Britney Spears’ former assistant claims that Britney’s emotional breakdown is actually the result of K-Fed’s on-going schemes and machinations to gain access to more child support money. According to the Daily Mail
Federline was jealous of his wife’s stardom, which he feared drew attention away from his faltering attempts to launch a hip-hop career. He allegedly took advantage of her volatile temper after the pair had a Halloween 2006 argument. Four days later, she announced that she was petitioning to end their two-year marriage. She told [former hair dresser Kalie] Machado this was an attempt to demonstrate her anger to Federline [but that] she had no desire to go through with a divorce. However, [Kevin] refused to take her back. “She stood up for herself and it kind of backfired. (It) was what Kevin really wanted,” Machado said.

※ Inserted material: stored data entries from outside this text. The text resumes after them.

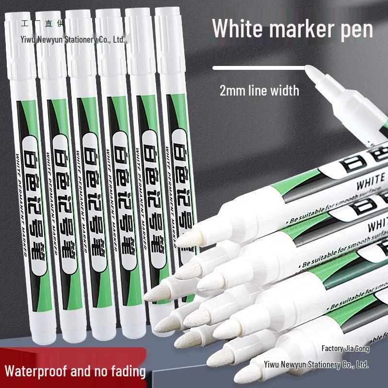 White Waterproof Quick-Dry Oil-Based Tire Marker Pen, Fade-Resistant Fine and Broad Points for Labeling.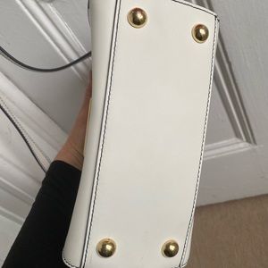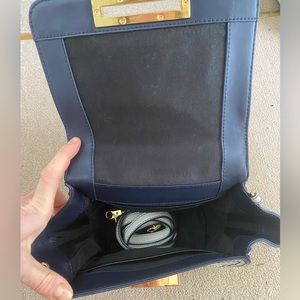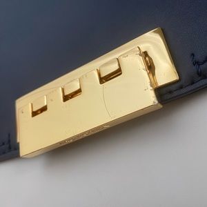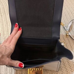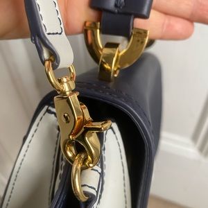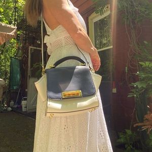 A chic and structured mini top-handle bag in a striking navy-and-white colorblock design. Crafted with Zac Posen’s signature architectural lines and finished with the iconic gold-tone hinge lock.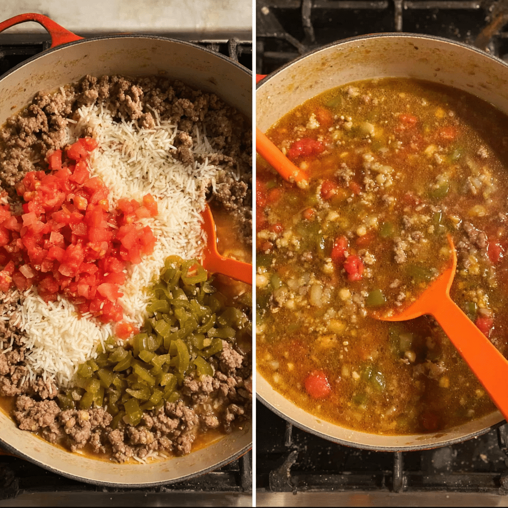- Next, I add the uncooked rice and stir it into the beef mixture, letting it toast slightly for about a minute.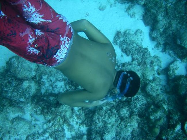 気を取り直してシュノーケルに出発! ウミガメを見るポイントなので、深すぎて珊瑚も魚も遠すぎてよく見えない..... -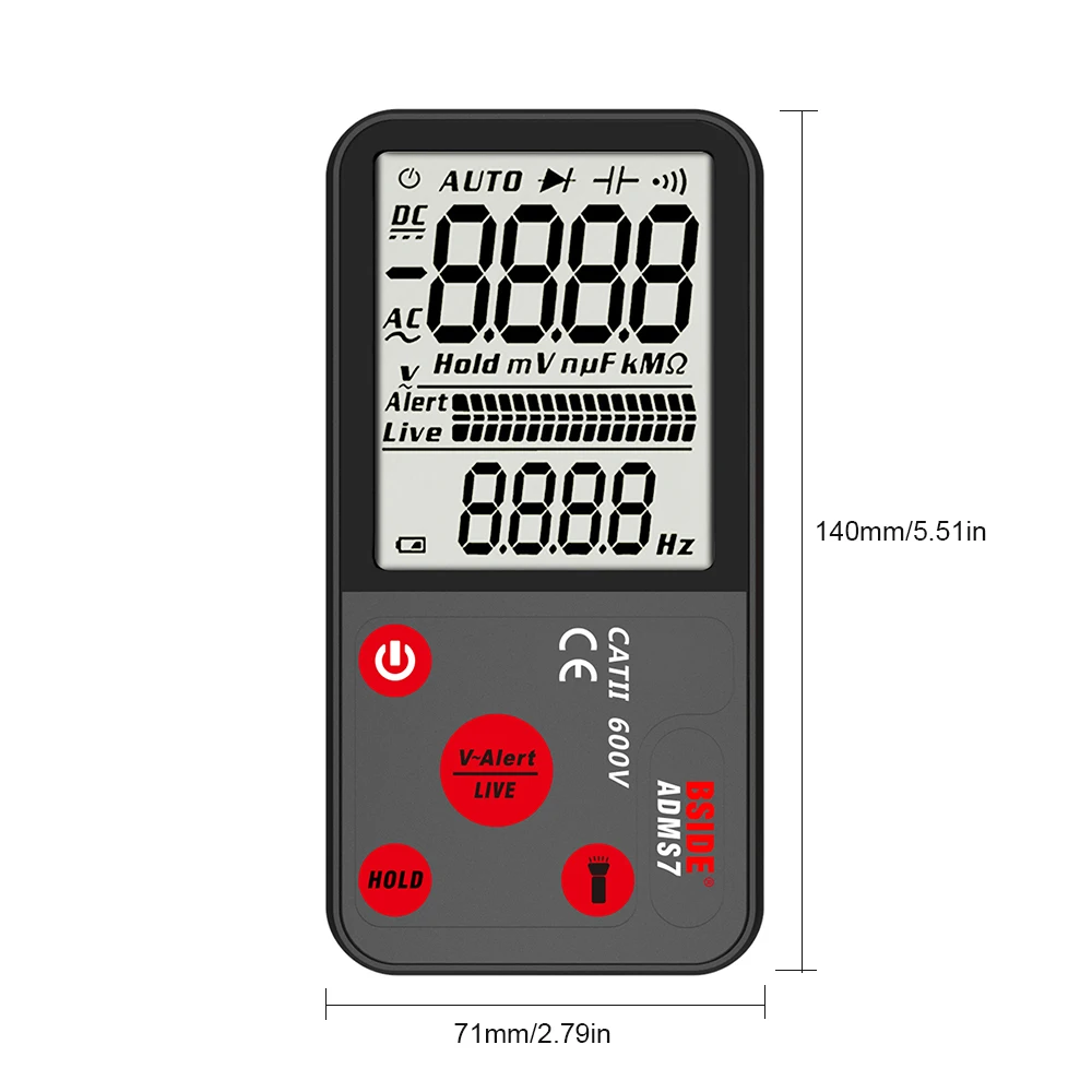 Особенности: Возможность Тестирования прямого тока/напряжения переменного тока, сопротивления, частоты, непрерывности, емкости, диодов и обеспечивает Обнаружение NCV и идентификацию провода в режиме реального времени. Оснащен 3,5-дюймовый большой экран, который показывает 9999 отсчетов четкие показания, легко читаемый. Ультратонкий дизайн, просто размер мобильного телефона, что делает его чрезвычайно портативным и легко носить с собой. Встроенный фонарик позволяет удобно использовать в ночное время или в темном уголке. Практические функции, включая автоматическое измерение диапазона, защиту от перегрузки и автоматическое отключение питания в течение 3 минут, если нет работы. Полезный инструмент для установки домашней цепи, ремонта электроники, обслуживания электрических объектов, ремонта автомобилей, ремонта бытовой техники. Характеристики: Бренд: BSIDE Модель: ADMS7 / ADMS9 (опционально) Материал: АБС-пластик Мощность питания: 2 х кнопочная ячейка CR2032 3V (не входит в комплект) Модель (опционально) ADMS7 ADMS9 Напряжение прямого тока 600V/0,1 V ±(1.2% + 5) Напряжение переменного тока 600V/0,1 V ±(0.8% + 3) Сопротивление 6000Ω/1Ω ±(1.2% + 3) 10 м Ом/1 Ом ±(1.2% + 3) Частота 1000 Гц/1 Гц ±(2.0% + 10) Емкость N/A 1000 мкФ/0,1 мкФ ±(3.5% + 8) 6000 мкФ/0,1 мкФ ±(4.5% + 10) Диод N/A Да Непрерывность При звуке встроенного зуммера измеренное сопротивление составляет не более 30 Ом Обнаружение NCV Да Хранение данных Да N/A Экран дисплея HD ЖК-дисплей экран (3,5 дюйма) Счетчик дисплея 6000 штук 9999 подсчетов Размер изделия: 140*71*15,5 мм/5,51*2,79 * 0.61in Вес изделия: 110 г/3,88 унций Вес посылка: 186 г/6,56 унций Размер посылка: 16,3*7,3*3,7 см/6,41*2,87 * 1.45in Упаковочный лист: 1 * Цифровой мультиметр 1 * пара тестовых проводов 1 * Руководство пользователя (на английском языке)

The rejection caused her to spiral out of control and sink into a depression — all part of Kevin’s carefully orchestrated master plan:
Last Christmas, Britney fell into a black depression. She hung her wedding dress up in her Malibu bedroom and kept framed photos of her and Federline all over the house. Machado insists she never saw her abuse drugs, but adds, “She did drink heavily and became a binge eater. [She was] convinced that she was losing her looks. She had extensions in her hair and she hated them,” – but she refused to allow professionals to take them out. Filled with self-loathing, “She didn’t want people touching her any more,” [so she shaved them off herself].”
Kevin Federline, evil mastermind? Yeah, right. This is the guy that penned “Popozao” and actually showed up to court in an eye patch. The only thing he could mastermind is a number 6 combo at the Taco Bell and maybe the best way to roll a blunt. On the other hand, tricking Britney Spears can’t be that hard. She doesn’t exactly play her cards close to her chest, if you know what I mean. It’s more like she hold them out at arms’ length, jumps up and down waving them around in between gulps of vodka, flashes her beaver, flops out a nip, bawls inconsolably, and then thrusts them in your face screaming “Insecure! I’m insecure! Right here! On the card! See? It says ‘Completely fucking insecure!’” and then she hurls them in your lap and throws up on your shoes. It’s like putting a sign on a disoriented bear that says “poke here really hard.”